CAMBRIDGE, Mass.--(BUSINESS WIRE)--May 4, 2017-- Seres Therapeutics Inc. (NASDAQ:MCRB) today reported first quarter 2017 financial results and provided a progress update on multiple microbiome clinical programs, including three clinical-stage therapeutic candidates seeking to address serious human diseases.

“Seres is making strong progress throughout our broad pipeline of microbiome therapeutics.” said Roger J. Pomerantz, M.D., President, CEO and Chairman of Seres. “Following positive feedback from the FDA, we are working to rapidly initiate the SER-109 ECOSPOR III clinical study, and we expect study start in mid-year. This trial could potentially serve as the basis for the approval of SER-109, which may represent the first approved microbiome therapeutic. In addition, we have advanced our Phase 1b study of SER-287 in patients with ulcerative colitis, as well as our Phase 1b study of SER-262 in patients with primary C. difficile infection. We look forward to a highly data rich period ahead, with readouts from both the SER-287 and SER-262 studies expected in the second half of 2017.”

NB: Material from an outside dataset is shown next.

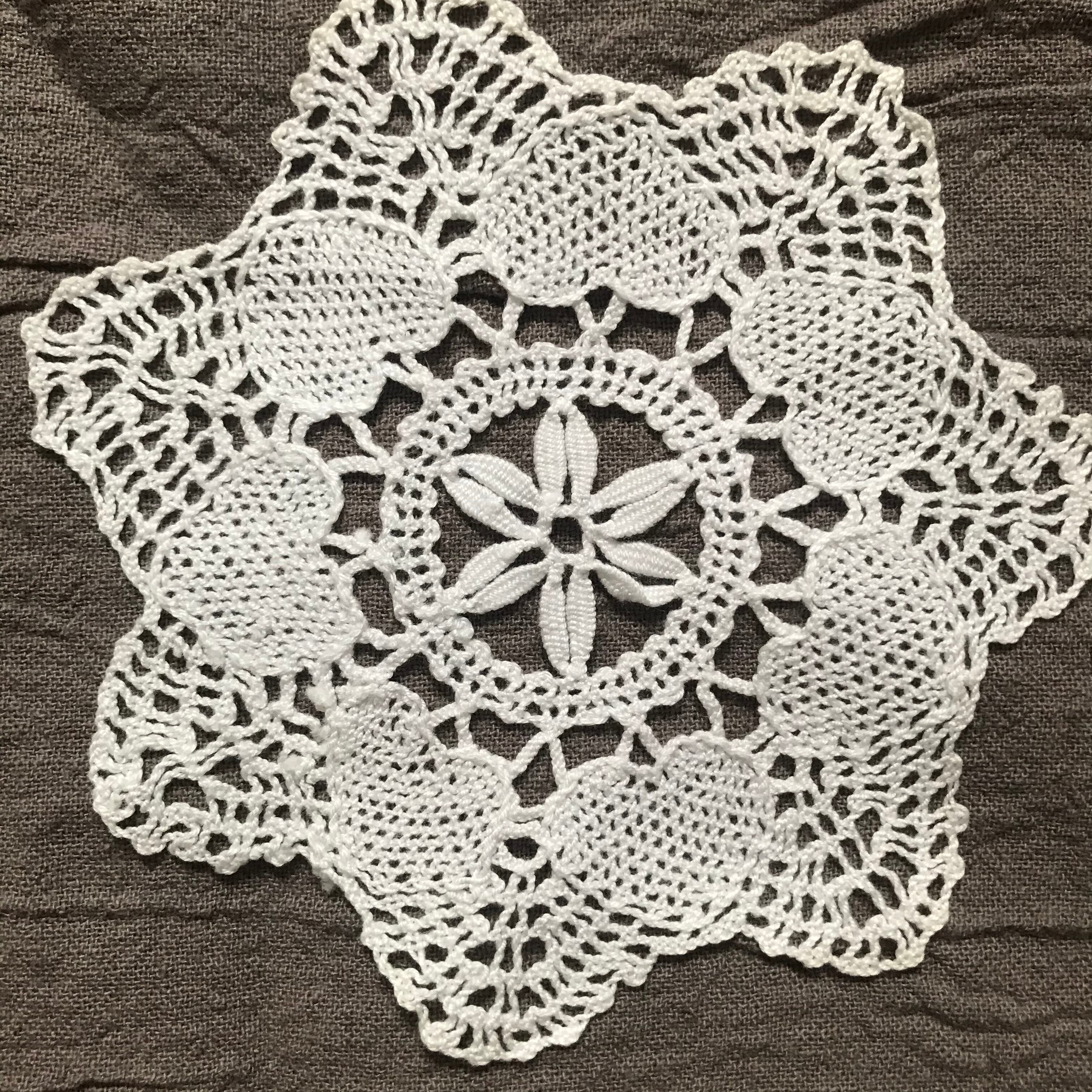 白い糸で編まれていて、よく見るとハートの模様がみえます。

Recent Highlights and Events

  • SER-109 ECOSPOR III clinical study planning following positive Type B meeting with FDA: Seres plans to initiate a new SER-109 clinical study (ECOSPOR III) in approximately 320 patients with multiply recurrent Clostridium difficile (C. difficile) infection. Study participants will be randomized 1:1 between SER-109 and placebo. Diagnosis of C. difficile infection for both study entry and for endpoint analysis will be confirmed by C. difficile cytotoxin assays. Patients in the SER-109 arm will receive a total SER-109 dose, administered over three days, approximately 10-fold higher than the dose used in the prior ECOSPOR study. ECOSPOR III will evaluate patients for 24 weeks and the primary endpoint will compare the C. difficile recurrence rate in subjects who receive SER-109 versus placebo at up to eight weeks after dosing. The FDA has agreed that this new trial may qualify as a pivotal study with achievement of a persuasive clinical effect and addressing FDA requirements, including clinical and statistical factors, an adequately sized safety database, and certain CMC parameters.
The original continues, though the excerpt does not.